In specific aim #1 we will investigate the temporal aspect of this process by putting the mutant SOD mouse on a TrkBF616A background. TrkBF616A can be specifically antagonized by the orally active, blood brain barrier permeable agent, 1NMPP1. A second receptor tyrosine kinase of interest is the Insulin/Insulin-like growth factor receptor (IGF-R). In model organisms (and recently in mice) a conserved stress resistance pathway is evoked when the activity of the IGF-R is reduced. The FOXO3a transcription factor plays a key role in this process in worms and flies, but its function in vertebrates is unknown.
In specific aim #2, we will determine if loss of FOXO3a ameliorates or exacerbates the mutant SOD mouse motor neuron disease. In the course of our investigations of FOXO3a, we found a marine sponge compound (Psammaplysene A, PA) that promotes nuclear localization of the transcription factor and is broadly neuroprotective in in vitro and in vivo models of neurodegeneration. While the evidence is strong that the compound works through FOXO3a, the precise molecular target is not known.

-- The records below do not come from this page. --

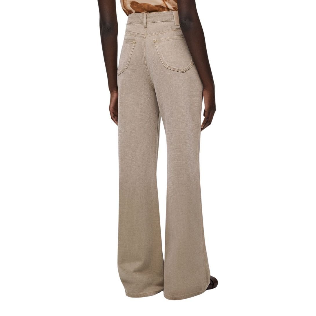 Ideal for those who appreciate casual elegance and contemporary fashion, Loewe’s bootleg jeans in khaki green cotton offer a versatile addition to any wardrobe. Their lightweight feel, breathable fabric, and unique color make them a statement piece that effortlessly elevates everyday attire with a touch of modern sophistication.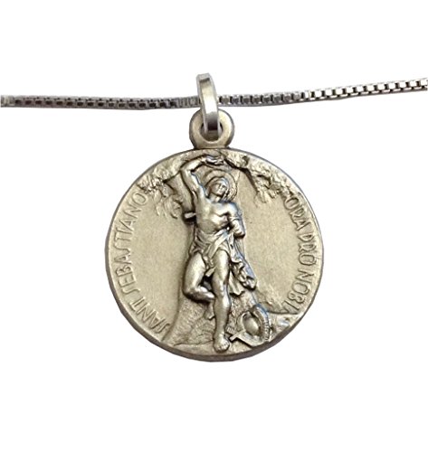 925 sterling silver Saint Sebastian medalj med silverkedja – 100 % tillverkad i Italien – The Patron Saints medaljer, Medium, Sterlingsilver, Sankt Sebastian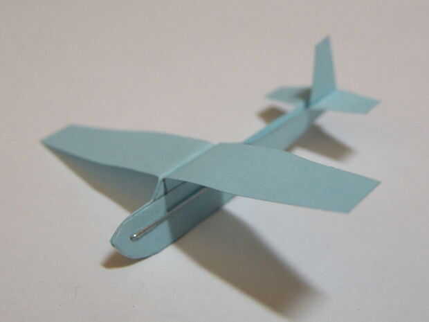 Doblar las alas hacia abajo como se indica por las líneas discontinuas. Otra vez, ser lo más preciso posible. Ajustar el estabilizador vertical por lo que es paralelo con el fuselaje de la aeronave.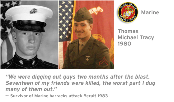 When I graduated from Art and Design in 1980, it seemed like a good portion of my male classmates “disappeared.” Well, not quite. Years later, I was told during our 30th year class reunion in 2010 they literary had to report to boot camp the next day after graduation. Though the United States was no longer in an “active war” during the 1980s, still many of our classmate veterans faced hostile situations abroad prior to the Gulf War. Thomas Michael Tracy was a young marine in Beruit when terrorist blew up the marine barracks.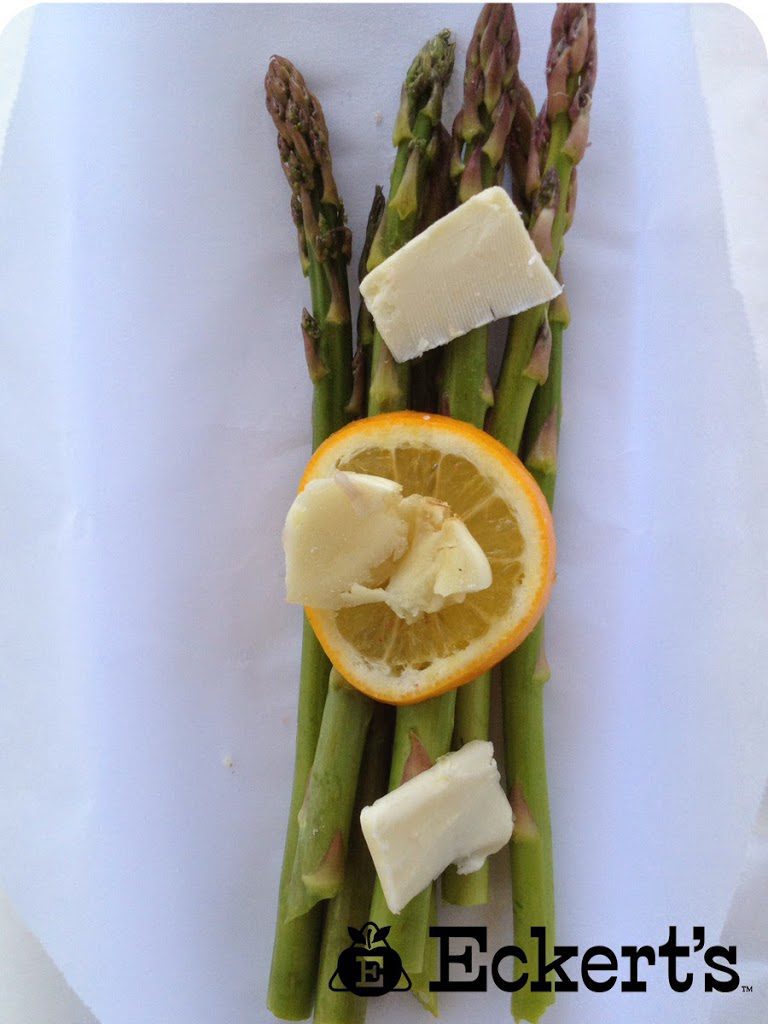 In celebration of homegrown asparagus season which is just around the corner, I made Oven-Roasted Asparagus Bundles with lemon, butter and herbs. This recipe is fun way to experiment with a variety of fresh herbs. I tucked a different herb sprig into each asparagus pouch before baking. The fun part of this recipe is comparing and contrasting the ways different herbs contribute to the baked asparagus.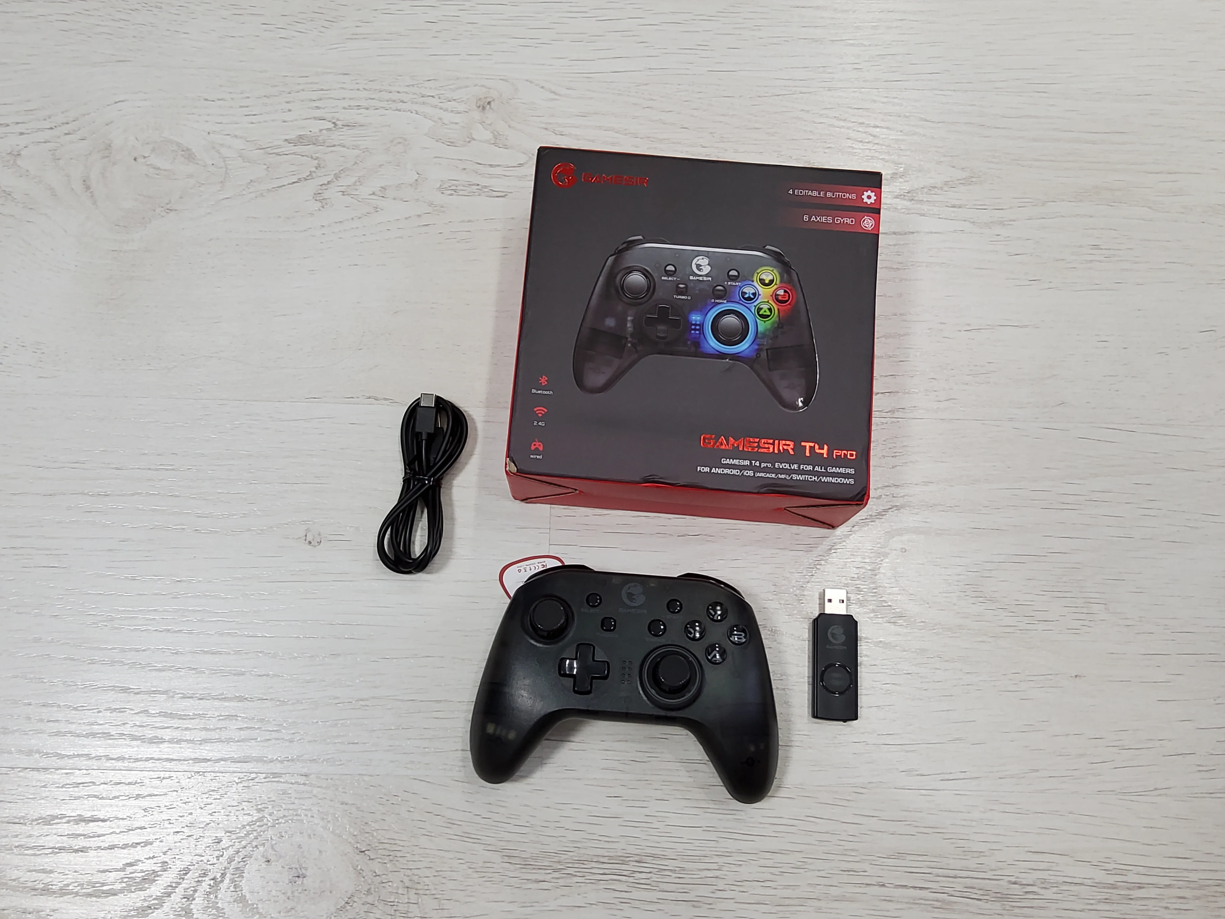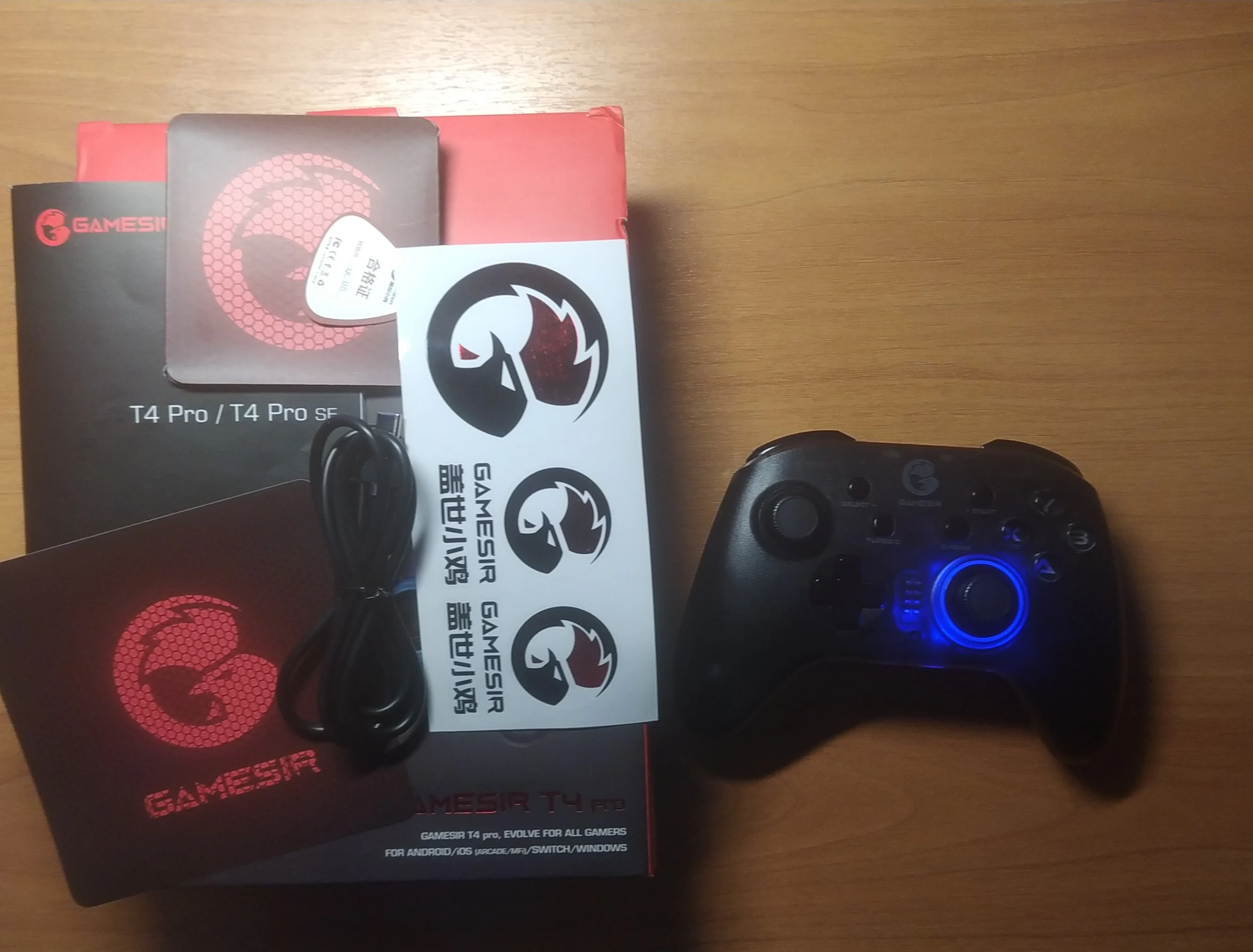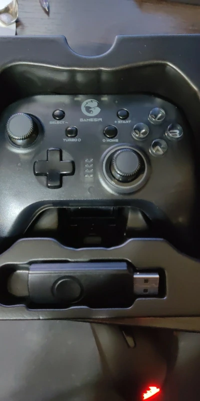 Наверное, лучший геймпад за свои деньги. Классный комплект, даже наклейки с логотипом Gamesir. Жаль, что наша почта помяла коробку и держала посылку месяц, но ожидание того стоило. Геймпад от доставки не пострадал, к счастью.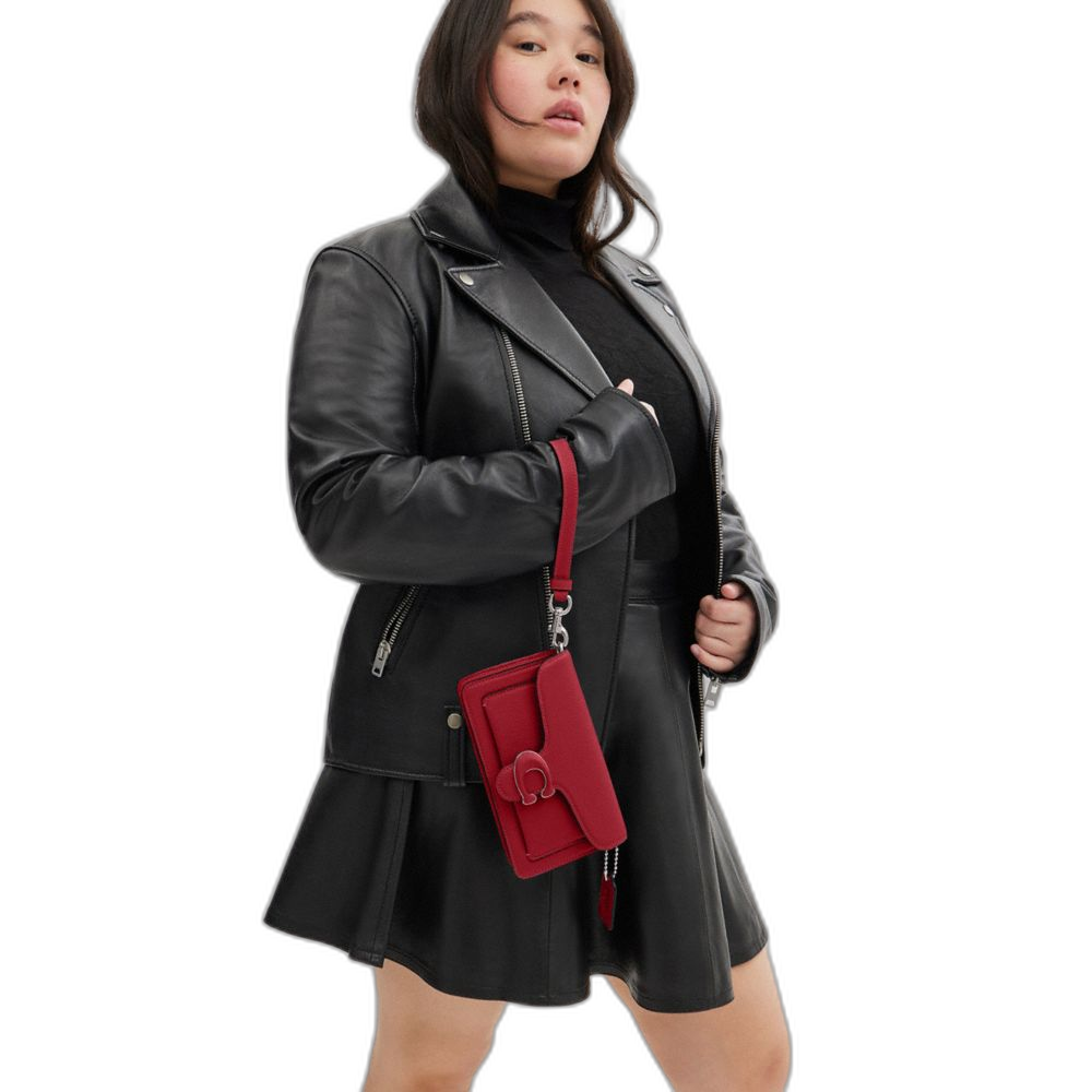 Coach Women's Tabby Crossbody Wristlet Silver/Ruby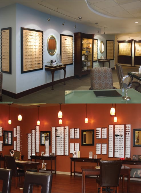 Color trends can make a statement. Top: Image courtesy of Eye Designs; bottom: Image courtesy of Opticaldisplays.com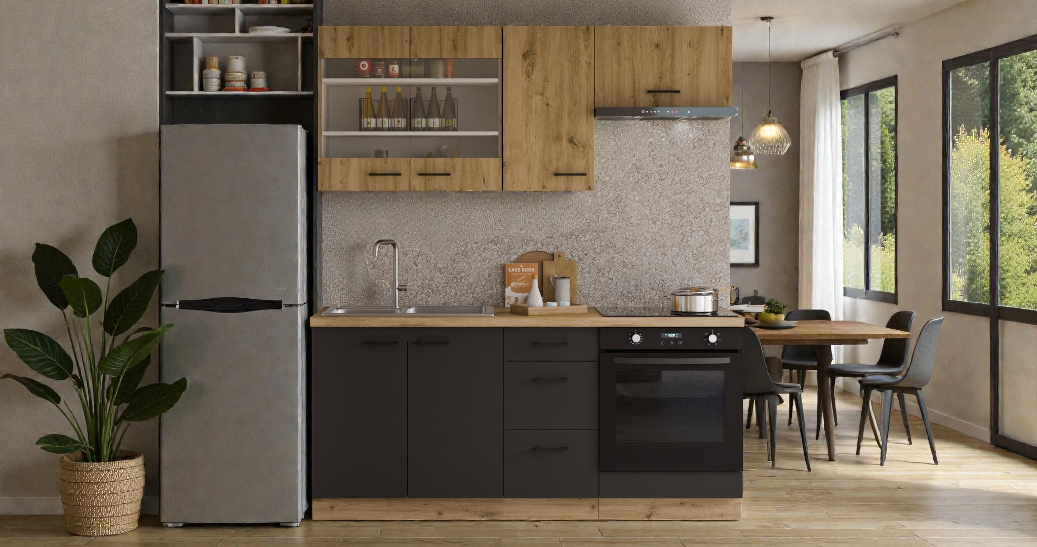 Hledáte kuchyni, která definuje moderní interiér? Tato sestava kombinuje teplý dekor dubu artisan s elegantním černým matem. Výsledkem je vysoce stylový, nadčasový vzhled, který se skvěle hodí do moderních bytů i otevřených loftových prostor.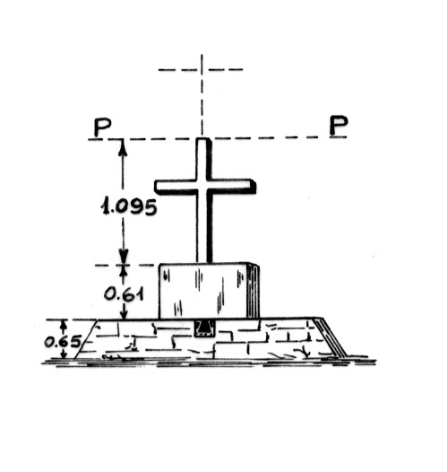 Croce in marmo (in asse col centrino metallico cementato alla sommità del vecchio piedistallo) sita sulla sommità del cocuzzolo più a Sud-Ovest dei tre che formano la dorsale omonima. Asse geometrico della croce.

In specific aim #3, several approaches will be employed to find the target and pathway through which PA acts. Overall this work attempts to find new disease modifiers that slow the progression of motor neuron disease. If successful, new therapeutic targets will emerge.
It is not known why specific neuronal populations are vulnerable to the toxic effects of neurodegenerative stimuli. In this proposal we will examine the role played by two signaling pathways in rendering motor neurons susceptible to insults relevant to Lou Gehrig's disease. In addition, we have identified a small molecule with remarkable neuroprotective activity. In this proposal we will determine the molecular target of this molecule and the signaling pathway through which it operates.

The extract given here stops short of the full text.